TPPB01 The PHELIX Control System Based on CS-Framework 3.0 163
 
  • D. B. Beck, S. Goette, H. Brand
    GSI, Darmstadt
  • M. Kugler
    HDA, Darmstadt
 
  The Petawatt High Energy Laser for Ion eXperiments, http://www.gsi.de/forschung/phelix/indexe.html, will offer the unique combination of a high-current, high-energy (GeV/u) heavy-ion beam with a powerful laser beam thus providing the opportunity to investigate a variety of fundamental science issues in the field of atomic physics, nuclear physics, and plasma physics. The PHELIX Control System (PCS) is based on the CS framework, http://wiki.gsi.de/cgi-bin/view/CSframework/WebHome. About 35 additional classes were developed for the PCS and ~250 objects are running distributed on 13 PCs publishing ~10000 process variables. The PCS has been upgraded to version 3.0 recently.
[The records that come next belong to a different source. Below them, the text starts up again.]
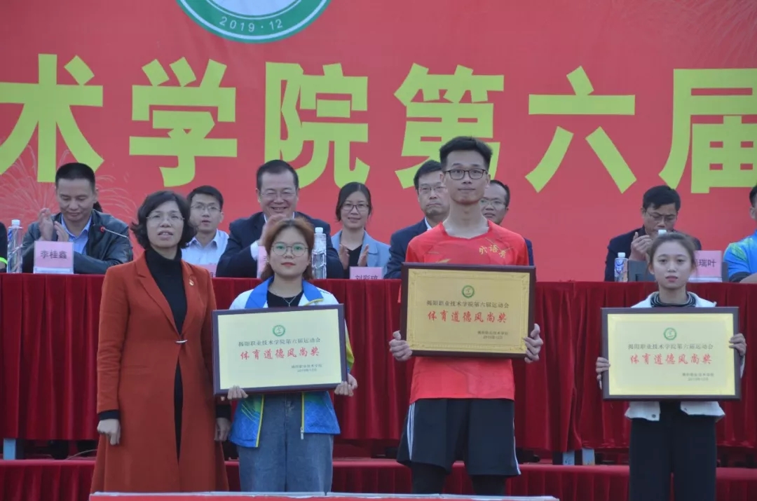 闭幕式上,国家一级裁判、本次校运动会总裁判长程新年宣读第六届运动会比赛成绩;刘瑞叶副院长宣读第六届运动会代表团体育道德风尚奖。同时,进行多项荣誉颁奖仪式。姚玉平副书记向广东海兴控股集团和广东望天湖现代农业科技有限公司颁发“体育运动热心支持单位”荣誉;刘瑞叶副院长给信息工程系、外语系、师范教育系颁发“体育道德风尚奖”。李文升书记、姚玉平副书记、刘瑞叶副院长分别为获团体总分前三名代表队颁奖。此次校运会团体总分第一名:甲组生物工程系,乙组体育教育192班;团体总分第二名:甲组师范教育系,乙组五年制体育教育162班;团体总分第三名:甲组机电工程系,乙组体育教育191班。
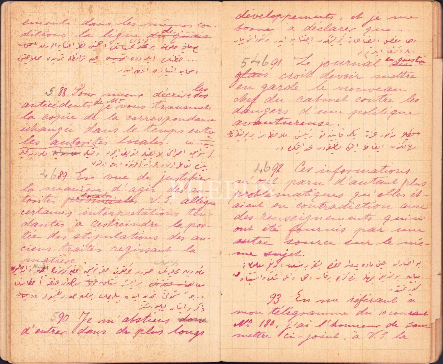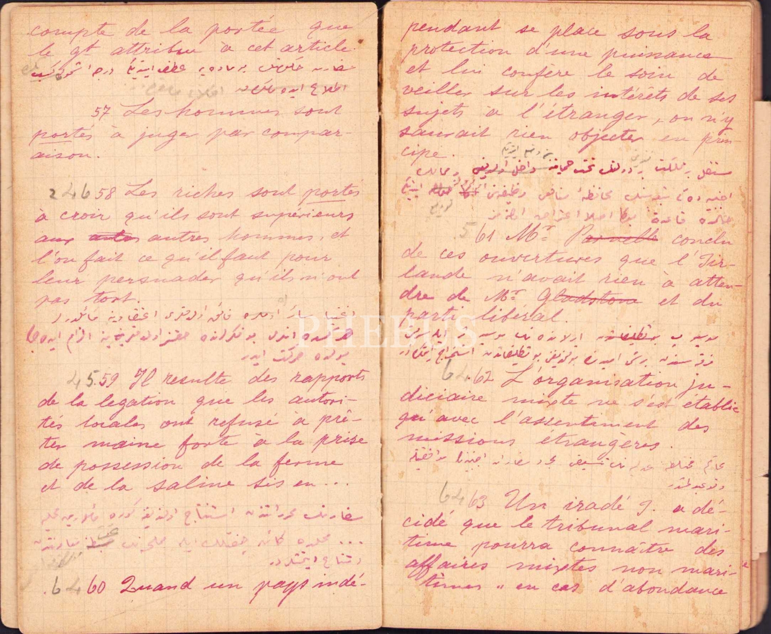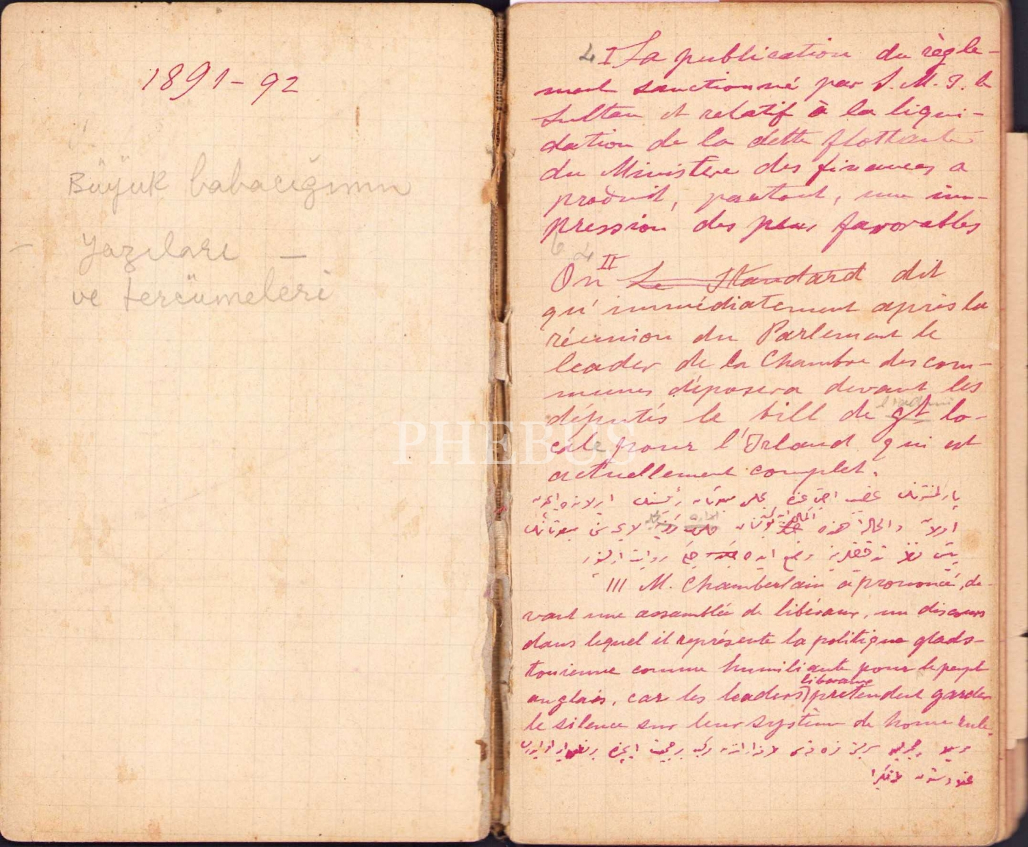 General Pertev Paşa'ya Ait Yazı ve Tercümeleri Havi El Yazması Defter, 44 varak, 8x14 cm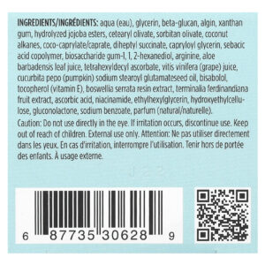 Aqua (eau), glicerina, betaglucano, algina, goma xantana, ésteres de jojoba hidrolisados, cetearyl olivate, sorbitan olivate, alcanos de coco, coco-caprylate/caprate, diheptyl succinate, capryloylglycerin, copolímero de ácido sebácico, goma de biossacarídeo-1,1, 2-hexanediol, arginina, suco da folha de Aloe barbadensis, tetrahexidecil ascorbato, suco da semente de Vitis vinifera (uva), óleo da semente de Cucurbita pepo (abóbora) sodium stearoyl glutamate, bisabolol, tocoferol (vitamina E), extrato da resina de Boswellia serrata, extrato da fruta de Terminalia ferdinandiana, ácido ascórbico, nicotinamida, ethylhexylglycerin, hietelose, gluconolactone, benzoato de sódio, perfume (natural/naturelle).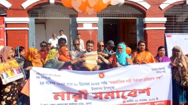 আন্তর্জাতিক নারী নির্যাতন প্রতিরোধ পক্ষের এবারের প্রতিপাদ্য ‘নারী ও কন্যার প্রতি সহিংসতা বন্ধে ঐক্যবদ্ধ হই, ডিজিটাল নিরাপত্তা নিশ্চিত করি’। নারী সমাবেশে অতিথিরা বলেন, আমরা চাই নারীর প্রতি সহিংসতা ও নির্যাতন বন্ধ হউক। নারী নির্যাতন কমিয়ে আনার জন্য নারীদের সক্ষমতা বাড়াতে হবে। নারীদের অর্থনৈতিক সক্ষমতা বৃদ্ধি পেলে তাদের উপর নির্যাতন স্বাভাবিকভাবে বন্ধ হয়ে যাবে। তারা নিজেদের অধিকারের কথা বলতে পারবে। নারী-পুরুষের মধ্যে এখন কোন ভেদাভেদ নেই। নারীরা ঘরে ও বাইরে গুরুত্বপূর্ণ দায়িত্ব পালন করে যাচ্ছেন। নারী নির্যাতন দূরের কথা, নারীদের কিভাবে যোগ্য সম্মান দেয়া যায় তা সমাজের ভাবা উচিত। নারীরা মানুষ হিসেবে নতুন বাংলাদেশে নতুনভাবে বাঁচতে পারবে এই প্রত্যাশা ব্যক্ত করেন অতিথিরা। আন্তর্জাতিক নারী নির্যাতন প্রতিরোধ পক্ষ উপলক্ষ্যে নারী সমাবেশের উদ্বোধন করেন খুলনার অতিরিক্ত জেলা প্রশাসক (সার্বিক) বিতান কুমার মন্ডল। সমাবেশে মহিলা বিষয়ক দপ্তরের উপপরিচালক (অতিরিক্ত দায়িত্ব) সুরাইয়া সিদ্দীকা, নারী নেত্রী অ্যাডভোকেট শামীমা সুলতানা শিলুসহ নারী সংগঠনের প্রতিনিধিরা বক্তৃতা করেন। অনুষ্ঠানে বিভিন্ন বেসরকারি নারী সংগঠন, এনজিও ও স্বেচ্ছাসেবী সংস্থার প্রতিনিধিরা অংশগ্রহণ করে। উল্লেখ্য, আগামী ১০ ডিসেম্বর পর্যন্ত ‘আন্তর্জাতিক নারী নির্যাতন প্রতিরোধ পক্ষ’ চলবে।

In CS 3.0 the entire communication layer has been changed to DIM (Distributed Information Management), which is a light weight protocol for inter-process communication based on TCP/IP, http://www.cern.ch/dim. The PCS was redesigned to make use and profit from the concept of named services. Clients may receive information from a service (observer pattern) or may send a command to a server (command pattern). By these means the implementation of the PCS behaviour with hierarchical state machines was eased.